Repsol's Brufau said he suspected nationalization of YPF was imminent when he tried to contact Fernandez last Friday and was told that the president "was angry" and did not want to speak.
YPF has been under pressure from Fernandez's centre-left government to boost oil production, and its share price has plunged in recent months on speculation about a state takeover.
Spanish investment in Argentina may now be at risk after the move on YPF. In the "reconquista" or reconquest, of the 1990s, newly privatized Spanish businesses bought Latin American banks, telephone companies and utilities, much as their armor-clad ancestors had conquered the region 500 years earlier.
Through its latest nationalization move, Argentina runs the risk of frightening off foreign investors, key to contributing money to help develop one of the world's largest reserves of shale oil and gas recently discovered in the Vaca Muerta area.
ACE UP ITS SLEEVE?
This led some analysts to question whether Argentina might have an ace up its sleeve in the form of a new partner such as China Petrochemical Corp (Sinopec Group).
Repsol has, however, identified Vaca Muerta as "the cause of the pillage", or the reason Argentina went after its YPF share.
A Chinese website said Sinopec was in talks with Repsol to buy YPF for more than $15 billion, although other sources said the nationalization move would probably get in the way of such a deal. Sinopec dismissed the report as a rumor.

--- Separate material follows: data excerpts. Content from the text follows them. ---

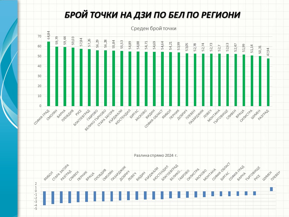 Традиционно най-добри резултати са постигнали зрелостниците от София-град, Смолян, Варна, Пловдив и Русе, а най-ниски – от Разград, Шумен, Силистра, Враца и Сливен.
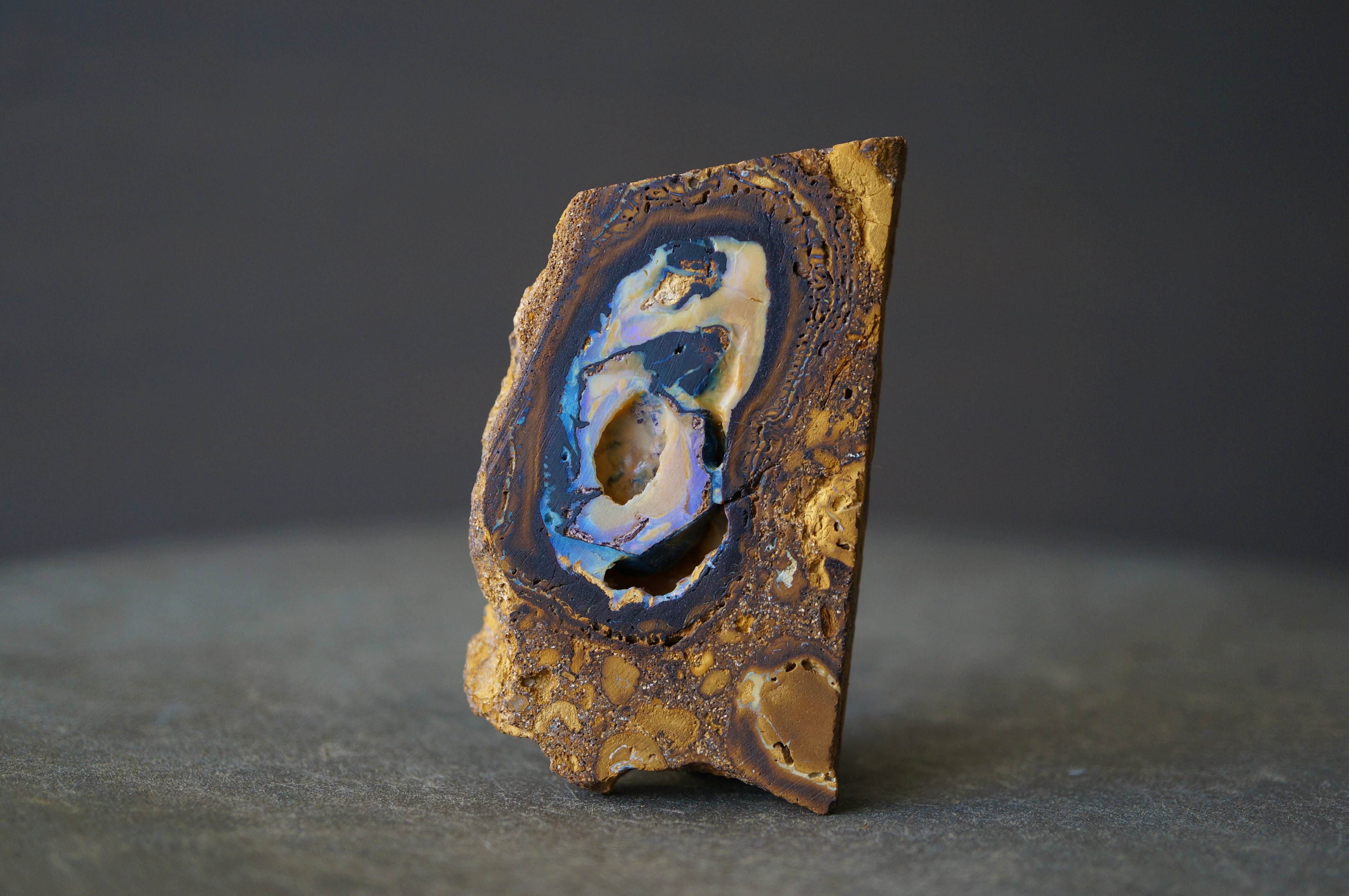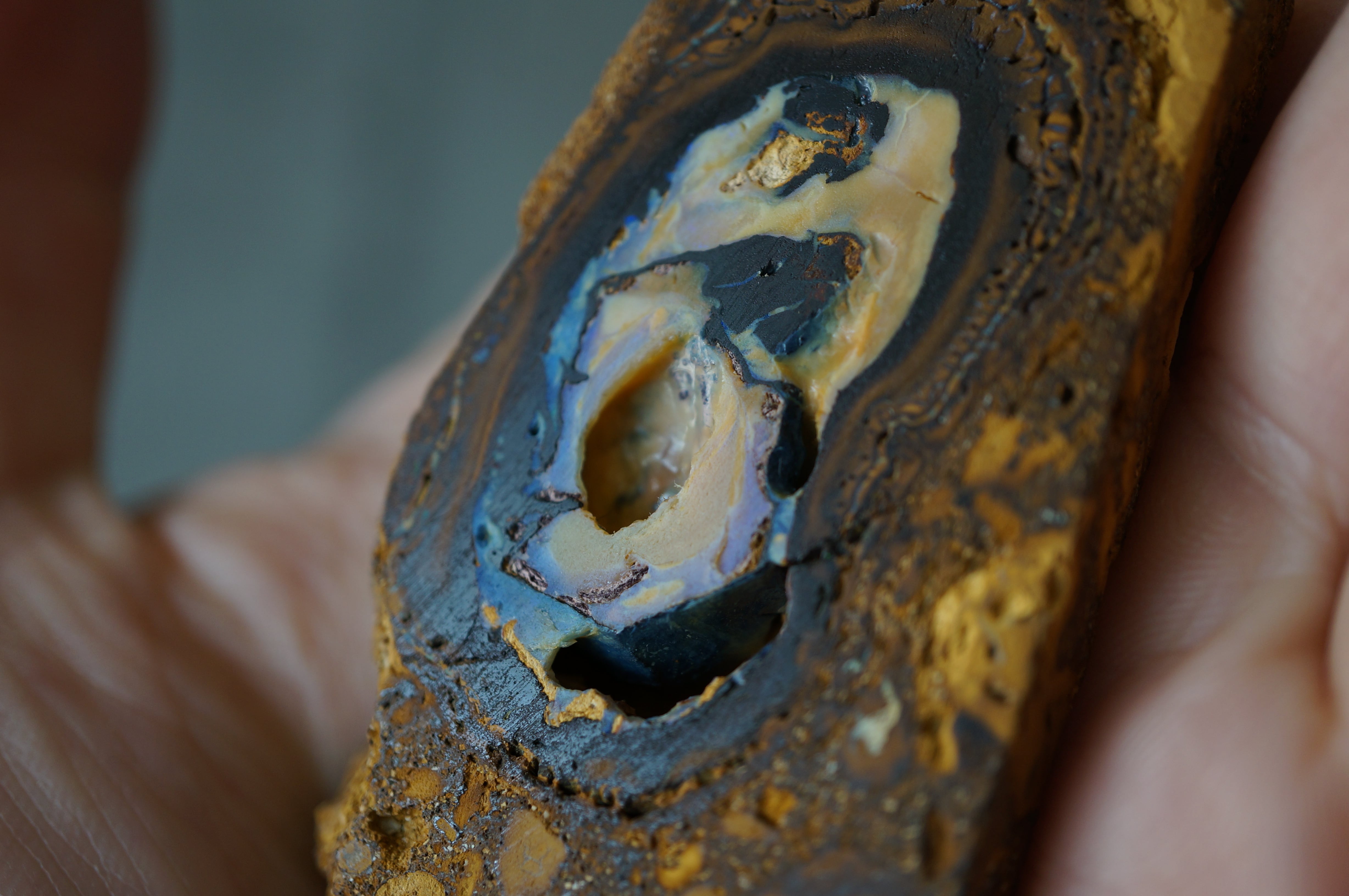 ボルダーオパールは鉄分を多く含む砂岩中に形成されたオパールを、母岩ごと切り出したものです。
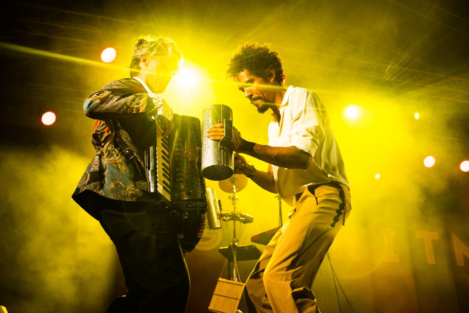 Par spilgtu skatuves šovu parūpējās starptautiskā globālās mūzikas apvienība “Ayom” no Portugāles, gan vizuāli, gan audiāli meistarīgi sajaucot kopā ietekmes no Brazīlijas, Āfrikas un Vidusjūras valstu muzikālajām tradīcijām. Kolorītākā grupas “Ayom” dalībniece ir tās vadītāja – vokāliste un perkusioniste Jabu Morales, kura koncerta beigās nodemonstrēja galvu reibinošus brazīļu frevo dejas stila trikus, bet uzstāšanās dienas rītā Latvijas Radio 1. studijā kopā ar kolēģiem sniedza arī ekspresīvu meistarklasi Latvijas mūzikas studentiem.
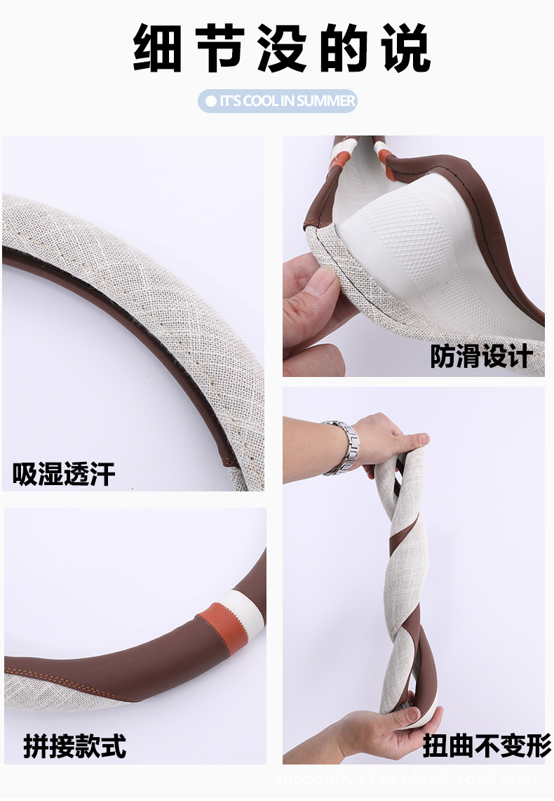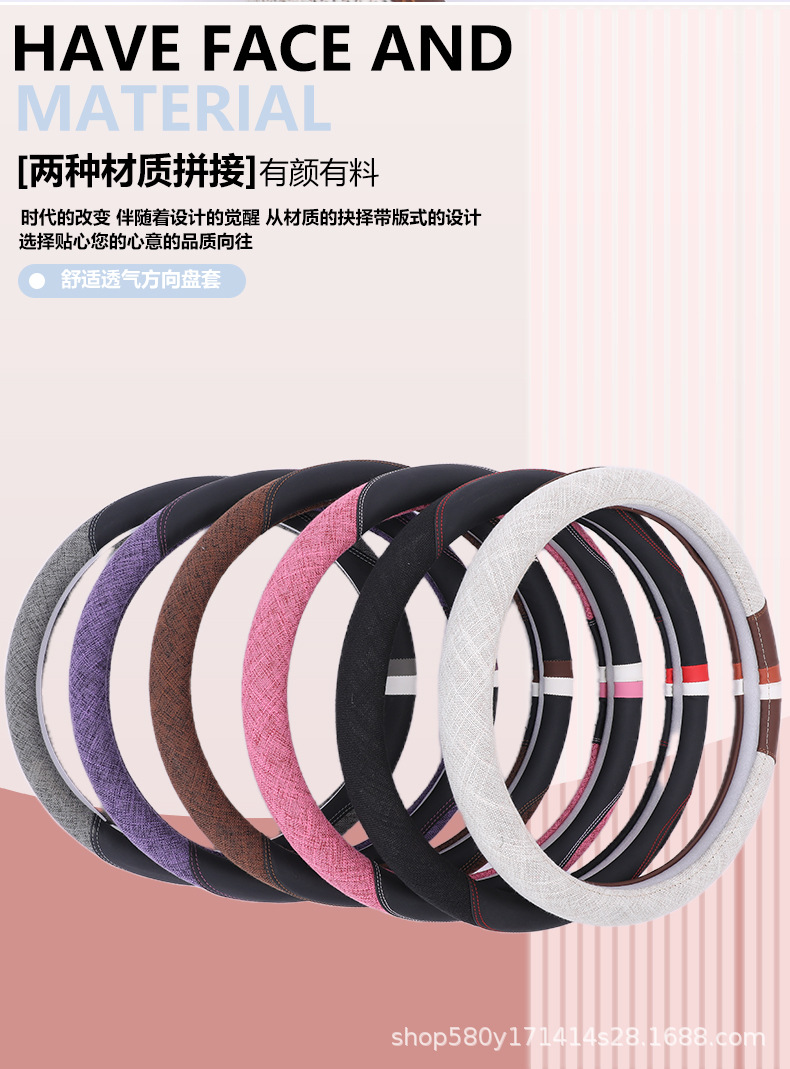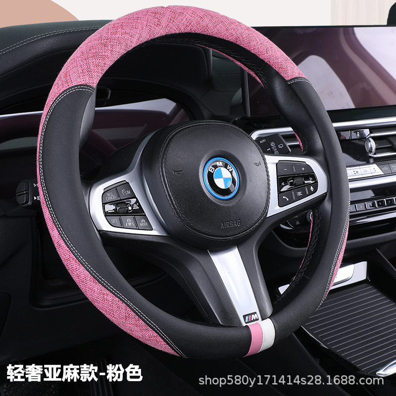 스팟 유통 라이트 럭셔리 린넨 자동차 핸들 커버, 사계절 범용 핸들 커버, 통기성 및 땀 흡수 린넨 핸들 커버

Fernandez said the government would ask Congress, which she controls, to approve a bill to expropriate a controlling 51 percent stake in YPF by seizing shares held exclusively by Repsol, saying energy was a "vital resource".
"If this policy continues - draining fields dry, no exploration and practically no investment - the country will end up having no viable future, not because of a lack of resources but because of business policies," she said.
YPF's market value is $10.6 billion, although an Argentine tribunal will be responsible for valuing the company as part of the takeover. Central bank reserves or state pension funds could be used for compensation.
Fernandez, who still wears the black of mourning 18 months after the death of her husband and predecessor as president Nestor Kirchner, stunned investors in 2008 when she nationalized private pension funds. She has also renationalized the country's flagship airline, Aerolineas Argentinas.
Such measures are popular with ordinary Argentines, many of whom blame free-market policies such as the privatizations of the 1990s for the economic crisis and debt default of 2001/02.
Her announcement of the YPF takeover plan, however, drew strong warnings from Spain, Mexico and the European Union, a key market for Argentina's soymeal exports.
Mexico's President Felipe Calderon said Fernandez's plan would damage chances for future foreign investment in Argentina and hurt Repsol, in which Mexico's state oil monopoly Pemex holds a 10-percent stake.
Venezuela, where socialist President Hugo Chavez has nationalized almost all the oil industry, applauded her move.
The row over YPF comes as Fernandez heaps pressure on Britain over oil exploration off the Falkland Islands, over which Argentina claims sovereignty.